I come across this world-weary "I've Moved On...." refrain often here in the Nonclassical forum. Older but Wiser, etc. I must be in a tiny minority--maybe never grew up--but my musical tastes are ahistorical; I never shed my skin and emerge as a new creature. I liked LZ, Tull and Yes then, and I like them now. Old friends who can still make me dance and sing.


----------



## philoctetes (Jun 15, 2017)

Well that got personal too fast. Apparently evolution in judgment about one Zepp album makes me world-weary, how profound. No more pardons asked again!


----------



## Strange Magic (Sep 14, 2015)

philoctetes said:


> Well that got personal too fast. Apparently evolution in judgment about one Zepp album makes me world-weary, how profound. No more pardons asked again!


Yes. My remark was a statement of my own personal continuing enthusiasm for three groups, triggered by your non personal, dry, Olympian announcement of your passage to another plane .


----------



## philoctetes (Jun 15, 2017)

Never said I was even weary of Zepp in general, in fact I still enjoy I-IV and PG a lot. Meanwhile, in those 50 years since I bought Zepp's 1st LP, I've discovered other music that I missed or ignored back then. 

Never claimed to be Olympian either. I am only at fault of judging, ranking, having favorites, and changing my mind. A lot happens in 50 years, and eventually we move on for good.

It's true popular music is often a stepping stone for access into other genres. I can appreciate that without having to be forever devoting my time and money to it when there is so much music and so little time. And I personally have more important things to do than feud about it.


----------



## Strange Magic (Sep 14, 2015)

^^^^Agreed.........


----------



## philoctetes (Jun 15, 2017)

I'll just indulge in memories, because this one has many... taking it home the day it came out, onto the turntable, then came the upset expectations, "where's that confounded bridge", but then a few more listens and I was In the Light - ... I recall friends having the same initial reaction, some never adjusting, and yeah Rolling Stone slamming it thoroughly. 
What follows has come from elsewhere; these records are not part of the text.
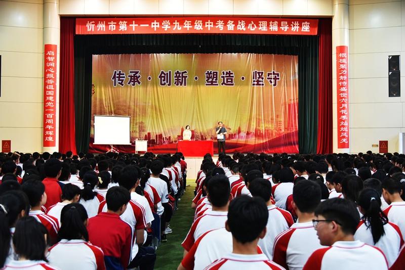 本網(wǎng)訊 6月3日晚,忻州十一中特邀資深心理專家張廣梅老師在文體苑為九年級(jí)學(xué)生做了中考備戰(zhàn)心理輔導(dǎo)講座。校長張?jiān)崎L主持講座并講話。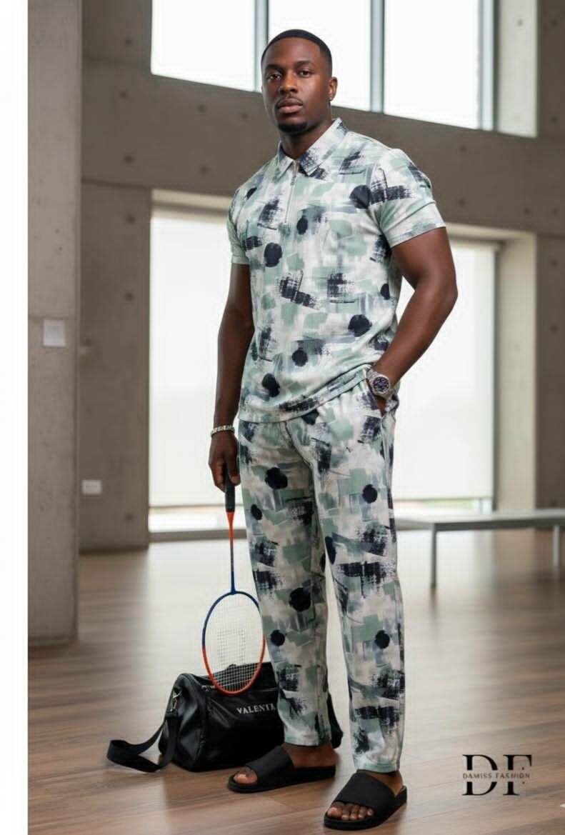 Optez pour cet ensemble de sport élégant pour hommes, idéal pour un look décontracté et à la mode. Conçu pour le confort, cet ensemble comprend un haut léger à col polo et un pantalon assorti. Parfait pour les loisirs ou une sortie en ville. Disponible dans des motifs modernes et attrayants.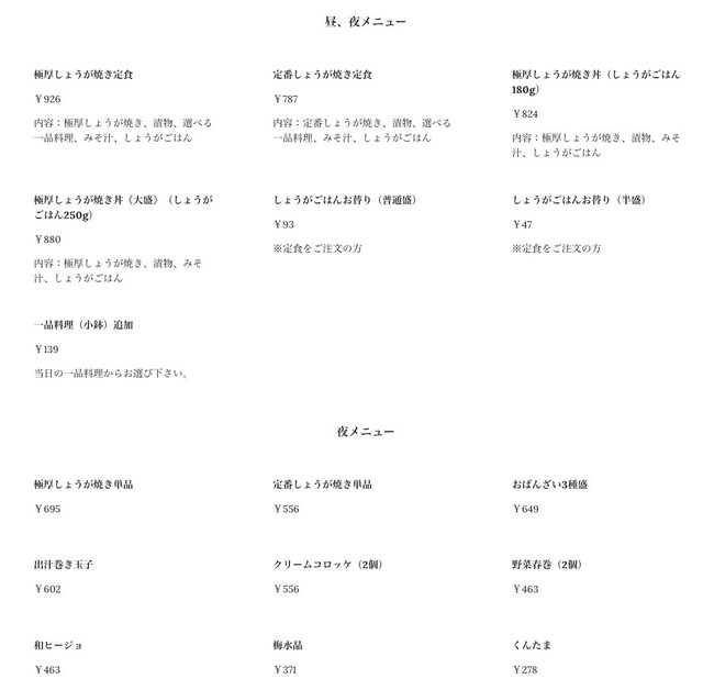 『生姜焼き専門店』という、独自のジャンルに惹かれて奥さんと二人で。食事だけの注文でしたが、なんといっても、お箸でほぐれる、やわらかく煮込まれた豚の生姜焼きは絶品でした!本当にお箸でするっと極厚の豚肉が割れます。 これは新食感!なんと20時間も低温でじっくりと調理されているそうです。 いや、なんだか新しい触感でとっても上品なお味でした。まるで、煮込まれた牛タンのホロホロの柔らかいお高い料理を食べたみたいなのに、リーズナブル。また、新たな普段使いの通えるお店と出会えてよかったです。厨房にはイタリアンで修行されたおねえさんが愛想よく対応してくれました。 ブライニング調理法を採用されているとか…。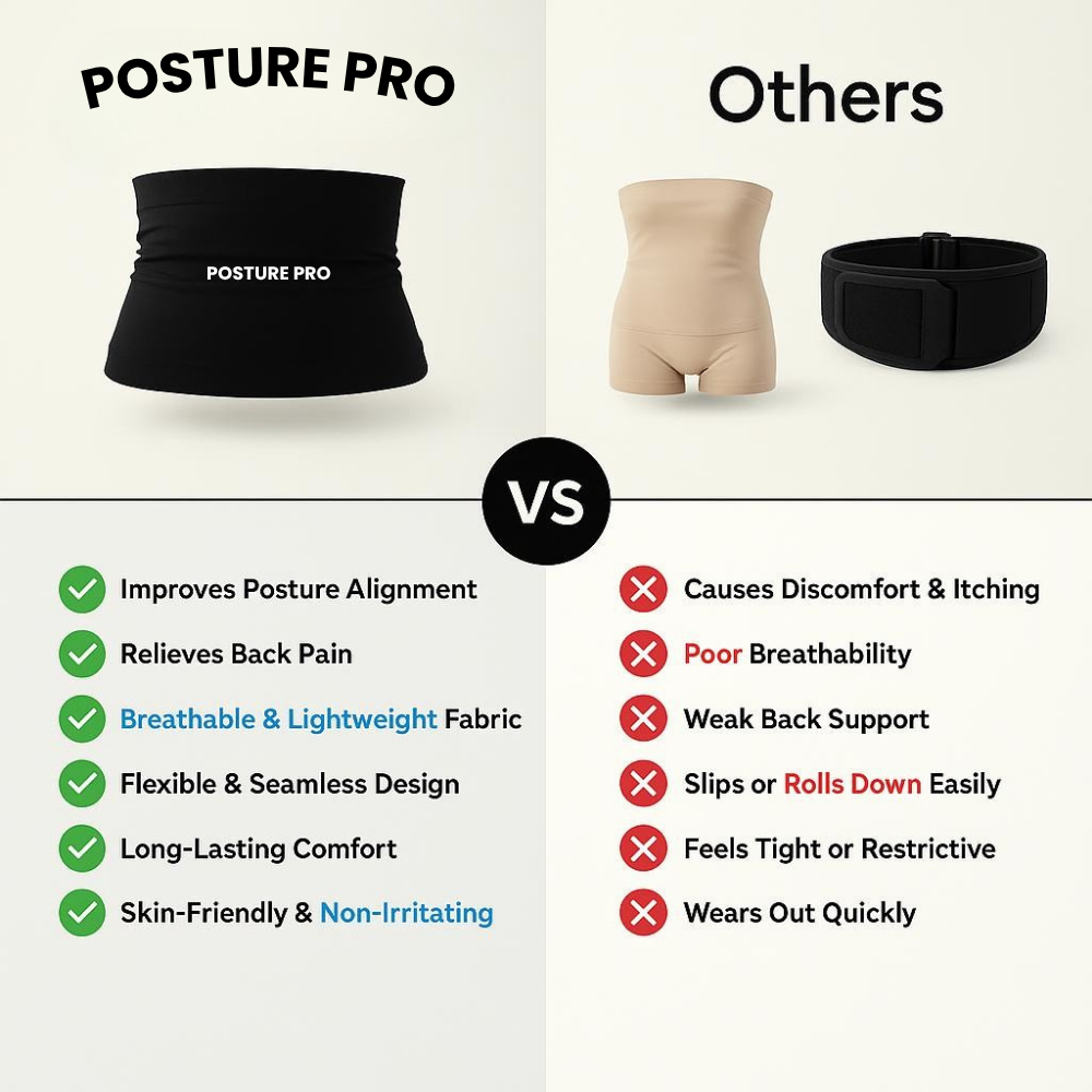 if you wake up with stiffness, struggle through long work days with stabbing lower back pain, or find yourself constantly adjusting your position to get comfortable—PosturePro was made for you. Traditional braces feel medical, bulky, and restrictive. PosturePro is different. It delivers therapeutic support without the stiff, uncomfortable feel, giving you a sense of security on days when your back feels weak. Whether you're working long hours, running errands, or just relaxing at home, PosturePro helps you get through your day without that nagging pain holding you back.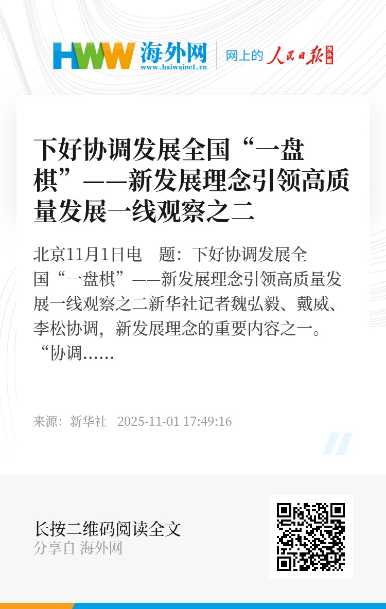 新华社北京11月1日电 题:下好协调发展全国“一盘棋”——新发展理念引领高质量发展一线观察之二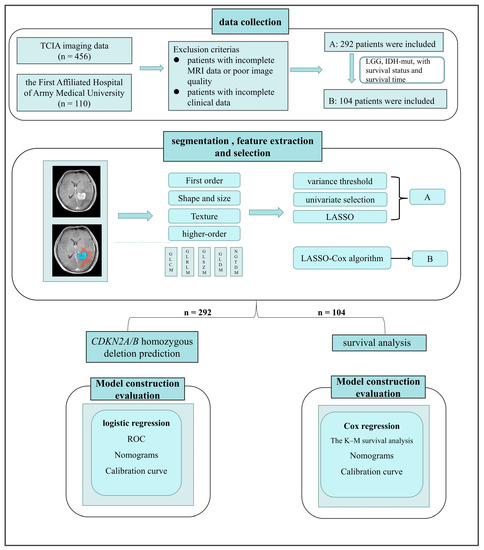 This retrospective study included 566 patients from 2 different cohorts: the public database platform for cancer imaging—The Cancer Imaging Archive (TCIA)—with a search deadline in March 2021, and the First Affiliated Hospital of Army Medical University from January to September 2019. The need for informed consent from all patients in both cohorts was waived, and this study passed the ethics review of the First Affiliated Hospital to the Army Medical University. The inclusion criteria were as follows: patients with (1) pathologically confirmed gliomas, (2) conventional MRI sequences (fluid-attenuated inversion recovery [FLAIR], gadolinium-enhanced T1-weighted [Gd-T1W] MR), (3) CDKN2A/B homozygous deletion testing, and (4) general clinical information (age, sex, WHO Central Nervous System tumor classification, and histological category). The exclusion criteria were as follows: (1) lack of preoperative MR images in the postoperative MRI scan, (2) lack of either sequence in FLAIR or Gd-T1W MR, (3) presence of MRI artifacts, and (4) incomplete clinical information. Based on these criteria, 292 patients were enrolled in the first step of this study, in which imaging analysis of CDKN2A/B homozygous deletion was performed. In the following phase of this study, 104 patients with low-grade IDH-mutant gliomas were screened from the 292 enrolled patients. Clinical information such as survival status and survival period were collected for prognosis and survival analysis. For both objectives, we adapted a 7:3 random partition to divide the data into the training and validation sets. The workflow of this study is shown in (Figure 1).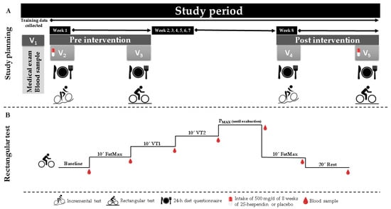 (A)-Study plan, 2S-Hesperidin intake was consume for eight weeks (visit two to visit five). (B)–Rectangular test, seven finger capillary blood samples were taken and analyzed on the ABL-90 FLEX blood gas meter.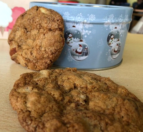 1) Speisestärke, Mehl, Natron, Zimt und Salz in einer Schüssel vermengen, Haferflocken hinzufügen. In einer zweiten Schüssel Schokolade und Mandeln mischen. 2) Die weiche Butter mit beiden Zuckersorten in einer Schüssel cremig aufschlagen, Eier nacheinander hinzugeben und unterrühren. Zuletzt Vanilleextrakt hinzufügen. 5) Cookies 10-13 Minuten backen (je nach Größe) und dann 10 Minuten abkühlen lassen. |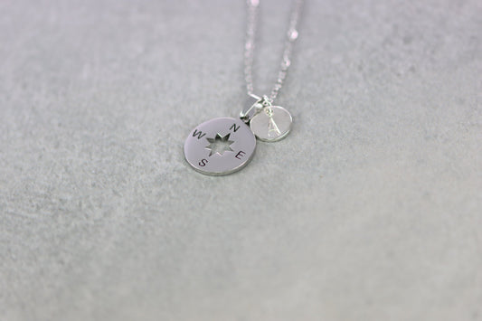Wegweiser Personalisiert Buchstabe Kompass Anhänger in silber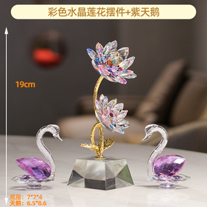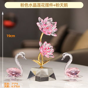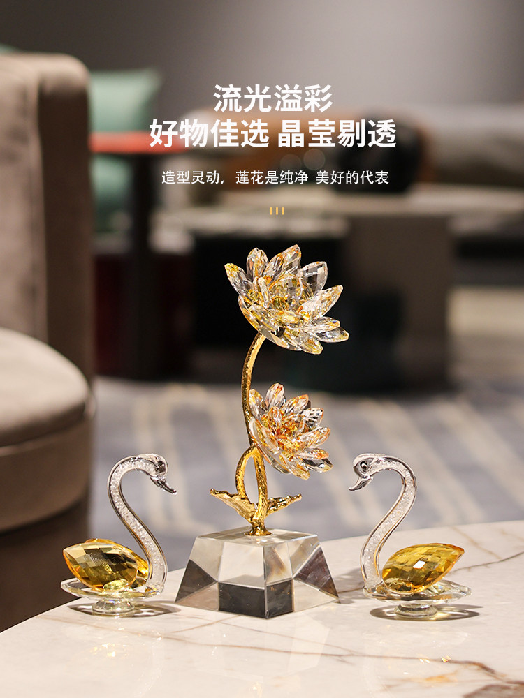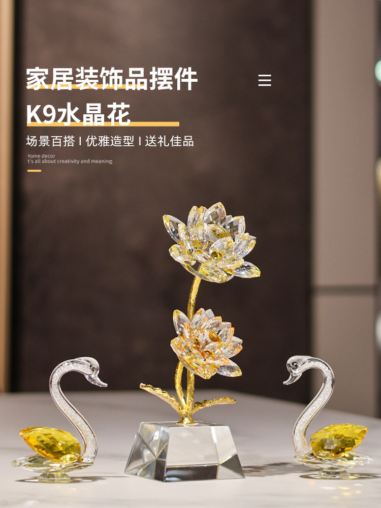 K9水晶花莲花天鹅客厅卧室书桌摆件装饰轻奢高档家居乔迁开业礼物

I gotta say that Side 1 is actually very good but ends with a cringe, ha.


----------



## tdc (Jan 17, 2011)

An excellent album, one of their finest, I disagree that it sounds more pop than earlier efforts, I think it is one of their most experimental albums. 

Listen to the first two tracks off album IV and compare to the first two tracks on this album, to me its clear there is way more mainstream appeal on those 2 opening tracks on IV. The Song Remains the Same and The Rain Song challenge the listener more and are two of their most artistic, intricate songs. This album is quirky and weird. 

Admittedly The Crunge and Dyer Mker aren't quite up there for me with the rest of the album, but I admire the experimentation and they add variety. The Ocean is perhaps the most conservative typically Zeppelin sounding song on the record, catchy and hard rocking. Dancing Days is a unique, oddball track, catchy yet with a strange chord progression (a hard combination to master). It is a more original song than Houses of the Holy (I like both songs). My 5 picks = The Song Remains the Same, The Rain Song, OTHAFA, Dancing Days and No Quarter.


----------